▶ [WORK ITEM]: Output all of the data below without changing a word, and exclude the pictures.
*** DATA SEGMENT
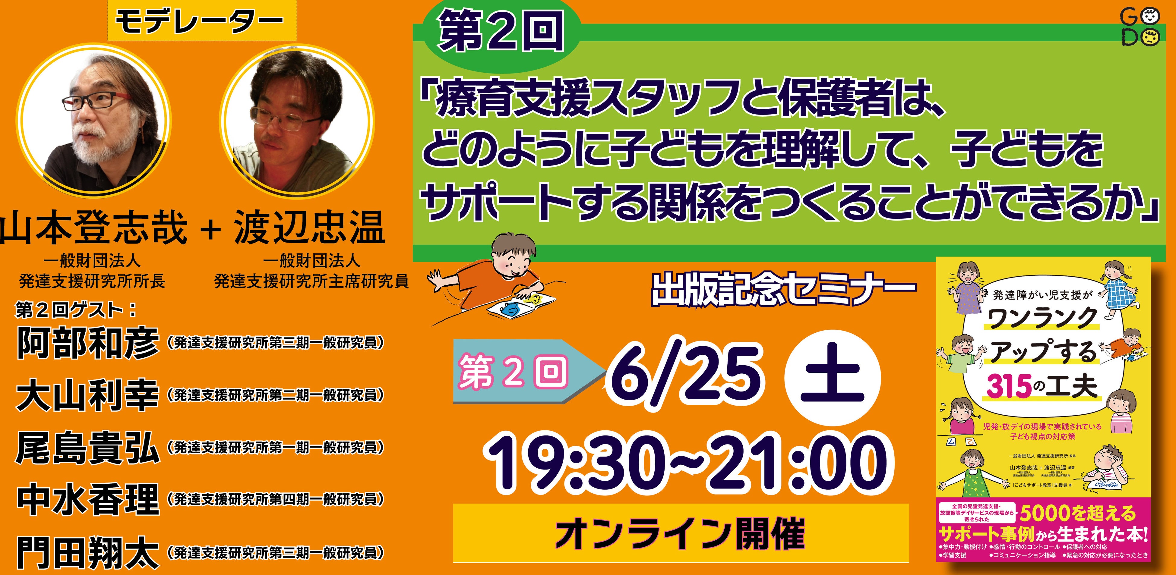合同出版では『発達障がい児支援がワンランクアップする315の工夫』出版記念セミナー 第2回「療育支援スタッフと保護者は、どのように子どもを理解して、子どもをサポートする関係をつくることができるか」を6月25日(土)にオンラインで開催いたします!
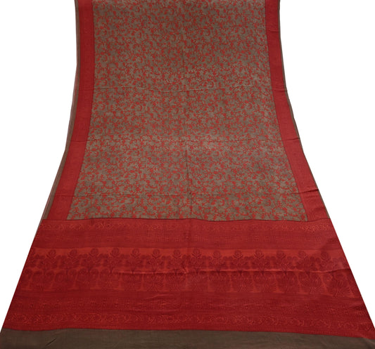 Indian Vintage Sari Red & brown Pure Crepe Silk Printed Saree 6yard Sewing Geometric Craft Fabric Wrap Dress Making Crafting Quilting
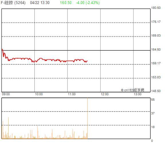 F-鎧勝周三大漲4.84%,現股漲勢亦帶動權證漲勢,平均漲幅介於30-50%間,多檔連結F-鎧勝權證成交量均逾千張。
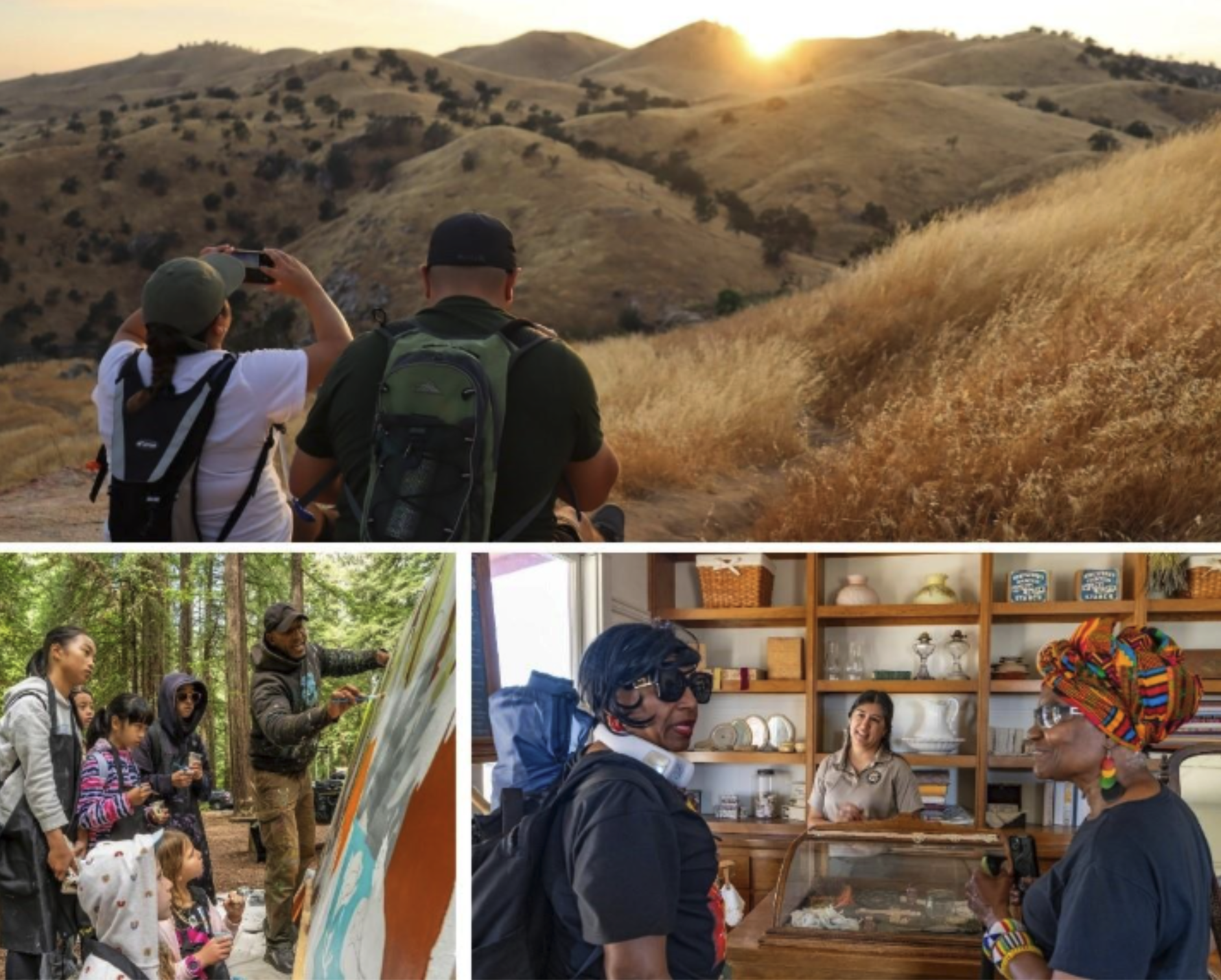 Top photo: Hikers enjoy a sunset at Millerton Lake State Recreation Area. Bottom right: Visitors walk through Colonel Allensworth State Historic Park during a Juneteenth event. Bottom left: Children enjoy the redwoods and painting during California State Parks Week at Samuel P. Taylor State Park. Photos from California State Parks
******
▶ [RESULT OF THIS TASK]:
合同出版では『発達障がい児支援がワンランクアップする315の工夫』出版記念セミナー 第2回「療育支援スタッフと保護者は、どのように子どもを理解して、子どもをサポートする関係をつくることができるか」を6月25日(土)にオンラインで開催いたします!
 Indian Vintage Sari Red & brown Pure Crepe Silk Printed Saree 6yard Sewing Geometric Craft Fabric Wrap Dress Making Crafting Quilting
 F-鎧勝周三大漲4.84%,現股漲勢亦帶動權證漲勢,平均漲幅介於30-50%間,多檔連結F-鎧勝權證成交量均逾千張。
 Top photo: Hikers enjoy a sunset at Millerton Lake State Recreation Area. Bottom right: Visitors walk through Colonel Allensworth State Historic Park during a Juneteenth event. Bottom left: Children enjoy the redwoods and painting during California State Parks Week at Samuel P. Taylor State Park. Photos from California State Parks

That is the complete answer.